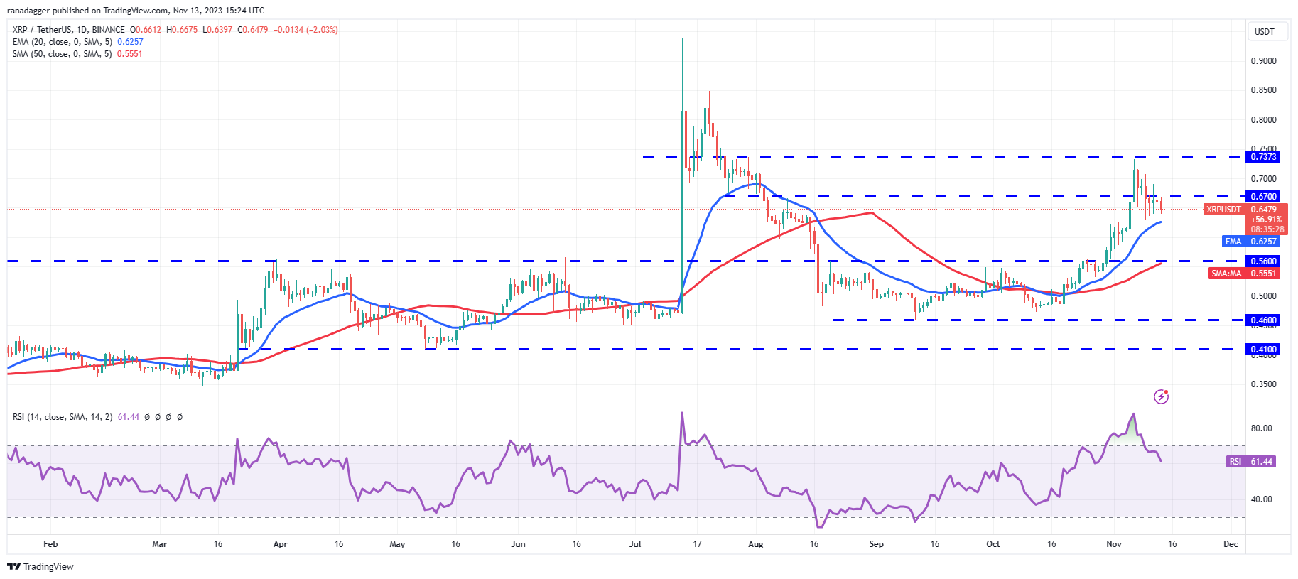 XRP (XRP) கடந்த சில நாட்களாக $0.67க்குக் கீழே வர்த்தகமாகி வருகிறது, ஆனால் காளைகள் 20-நாள் EMA ($0.62)க்குக் கீழே விலை சறுக்க அனுமதிக்கவில்லை என்பது சாதகமான அறிகுறியாகும்.
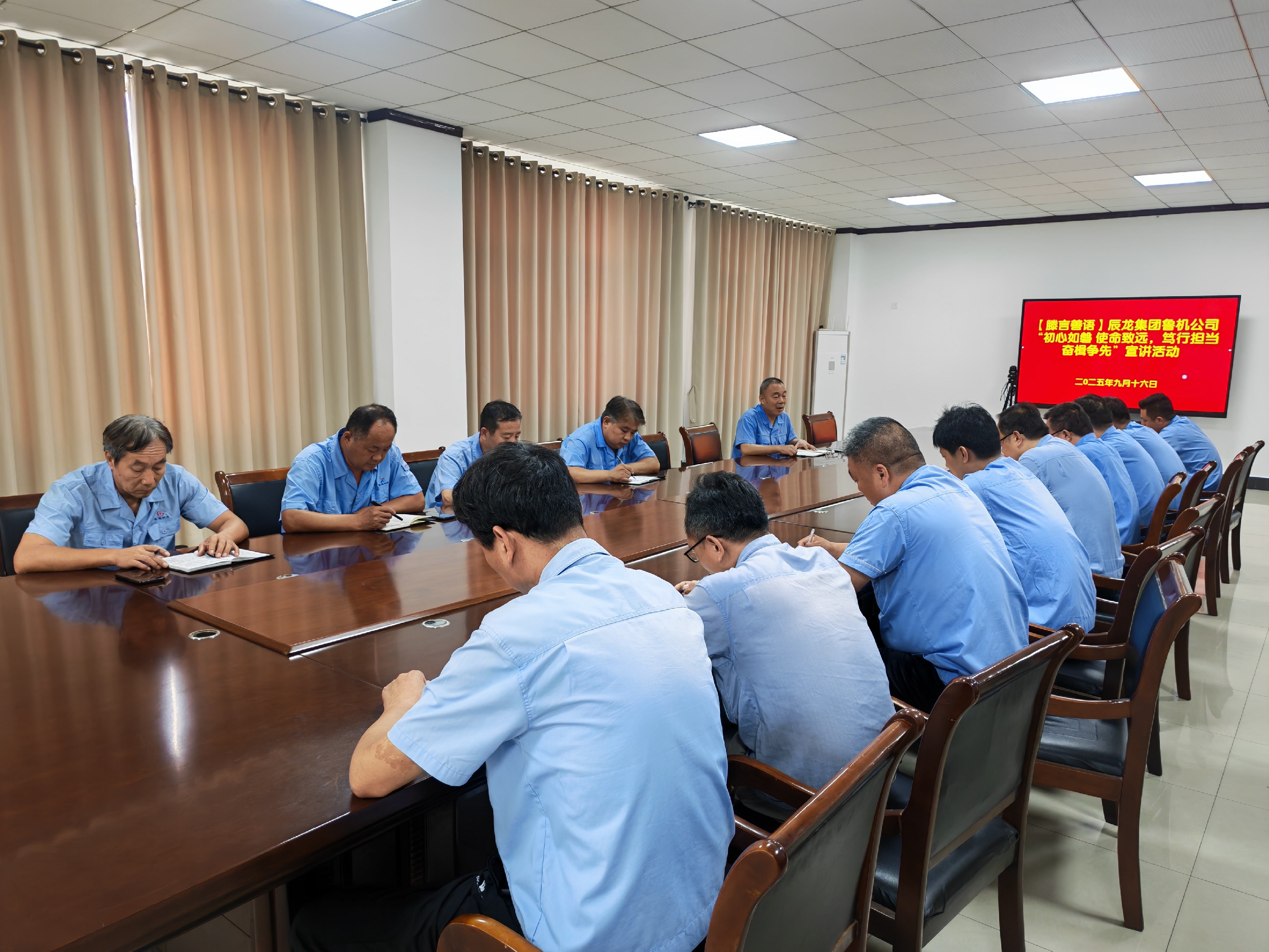 9月16日,辰龍集團(tuán)魯機(jī)公司 開(kāi)展“初心如磐,使命致遠(yuǎn),篤行擔(dān)當(dāng),奮楫爭(zhēng)先” 精神宣講活動(dòng)。生產(chǎn)運(yùn)營(yíng)中心黨員及業(yè)務(wù)骨干共計(jì)14人參加了會(huì)議。會(huì)議由公司黨委委員、生產(chǎn)運(yùn)營(yíng)中心主任秦加泉同志主持。
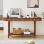 【並行輸入品】P PURLOVE 木製コンソールテーブル 引き出し付き 長さ58インチ ソファテーブル 狭い玄関テーブル 底棚付き リビングルー
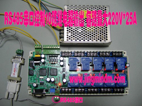 10路繼電器輸出,每路輸出承載最大電壓為220V,最大承受電流是25A;輸出采用特有的高頻信號濾除電路防止觸點打火,提高繼電器壽命;每路繼電器都引出一個常開點和常閉點,可控制10組不同電壓的開關;每路繼電器都有貼片式高亮度LED燈顯示繼電器工作狀態;
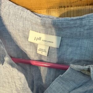 J Jill Love Linen Light Blue Lightweight Long Sleeve Button Down Top Size Large
__________
Task statement -> Beginning at the line that holds "狭い玄関テーブル 底棚付き リビングルー" and ending with the last line of the entries, please set down each line exactly, leaving every picture out.

Your solution ->
 【並行輸入品】P PURLOVE 木製コンソールテーブル 引き出し付き 長さ58インチ ソファテーブル 狭い玄関テーブル 底棚付き リビングルー
 10路繼電器輸出,每路輸出承載最大電壓為220V,最大承受電流是25A;輸出采用特有的高頻信號濾除電路防止觸點打火,提高繼電器壽命;每路繼電器都引出一個常開點和常閉點,可控制10組不同電壓的開關;每路繼電器都有貼片式高亮度LED燈顯示繼電器工作狀態;
 J Jill Love Linen Light Blue Lightweight Long Sleeve Button Down Top Size Large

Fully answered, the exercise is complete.